*Dataset section:*

------------------------------

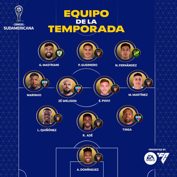 El equipo ideal de la temporada lo conforman los siguientes elementos: Alexander Domínguez (LDU), Leonel Quiñónez y Ricardo Adé (LDU), Tinga (Fortaleza) En el mediocampo están Marinho y Zé Welison (Fortaleza), acompañados de Ezequiel Piovi y Mauricio Martínez (LDU). Finalmente, en la delantera se encuentra Gonzalo Mastriani (América Mineiro), Nicolás Fernández (Defensa y Justicia) y Paolo Guerrero (LDU).
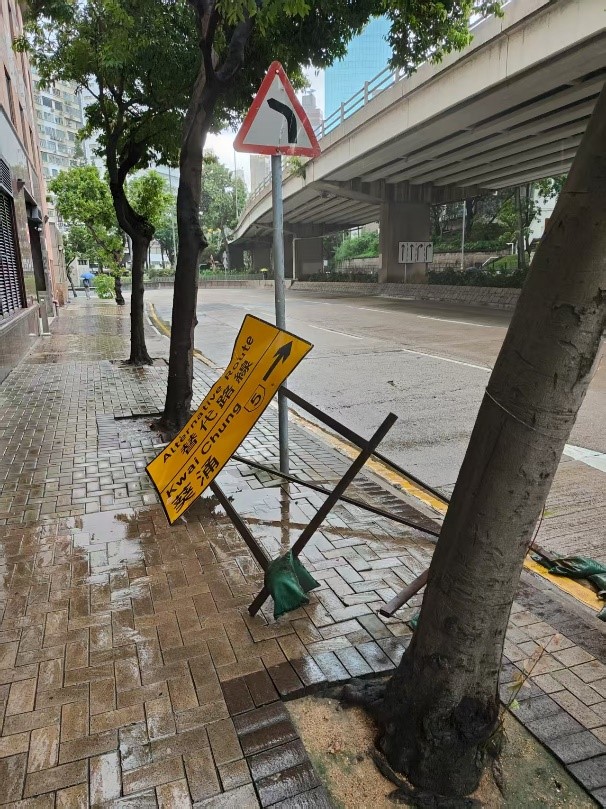 Fig. 21 Downed road sign near Chi Wo Commercial Building
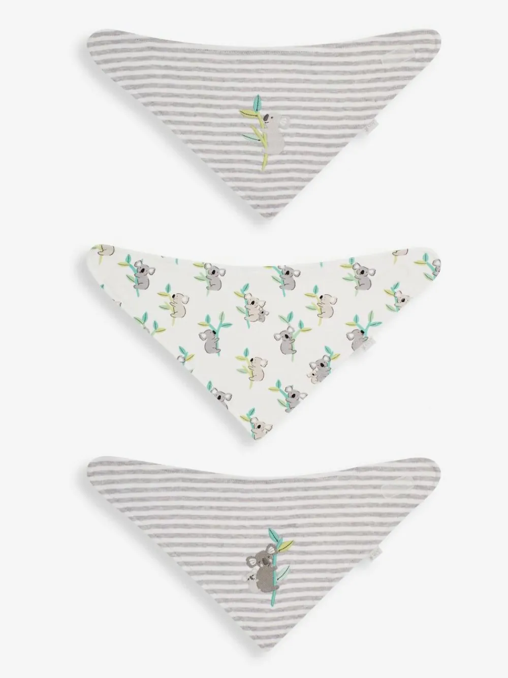 Jojo Maman Bébé Grey Koala 3-Pack Cotton Baby Dribble Bibs^ Bibs
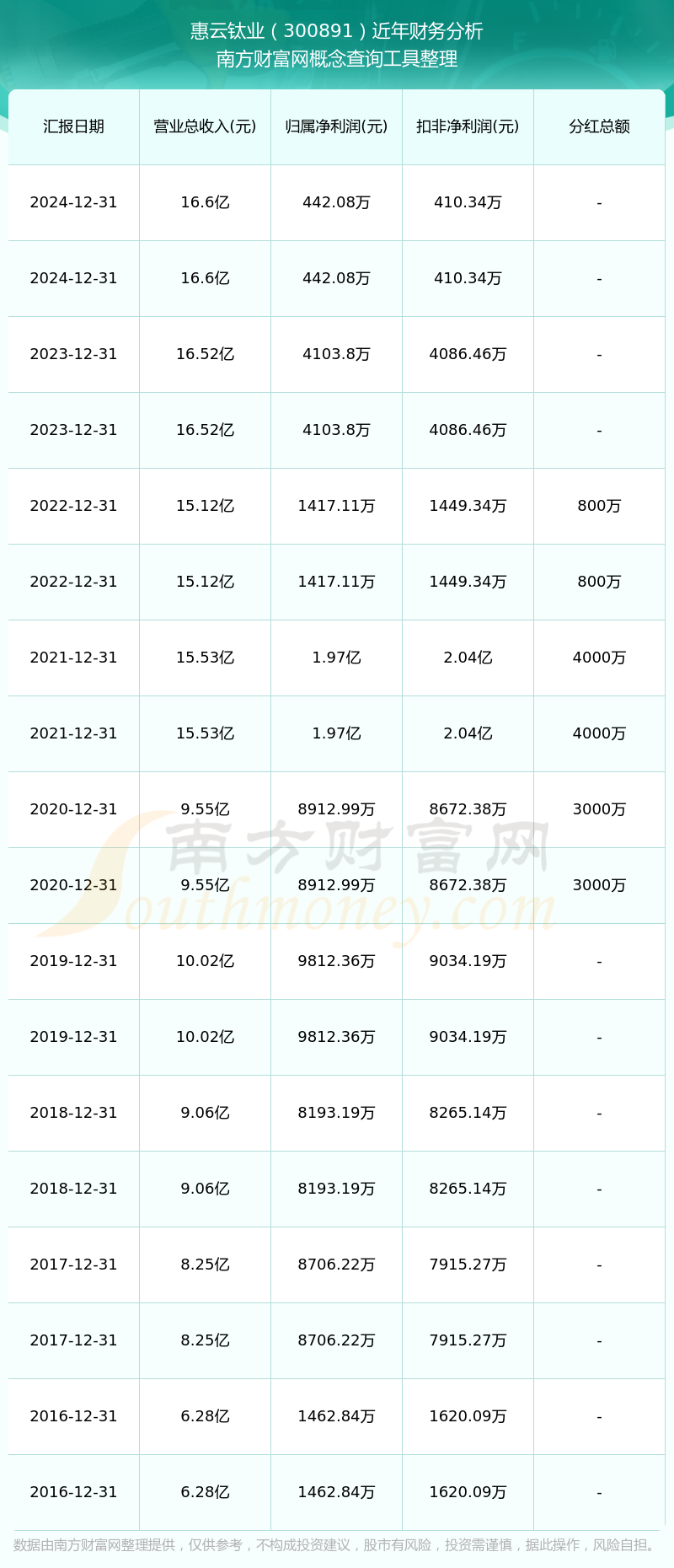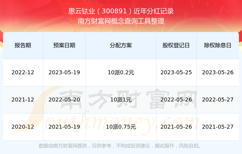 惠云鈦業(yè)歷年分紅派息情況如下表所示:

------------------------------

*Problem statement:*
Only the lines from the one containing "Jojo Maman Bébé" through the last line of the data above, both included, belong in the reply, each restated exactly and without pictures.

*Solution to the problem:*
 Jojo Maman Bébé Grey Koala 3-Pack Cotton Baby Dribble Bibs^ Bibs
 惠云鈦業(yè)歷年分紅派息情況如下表所示:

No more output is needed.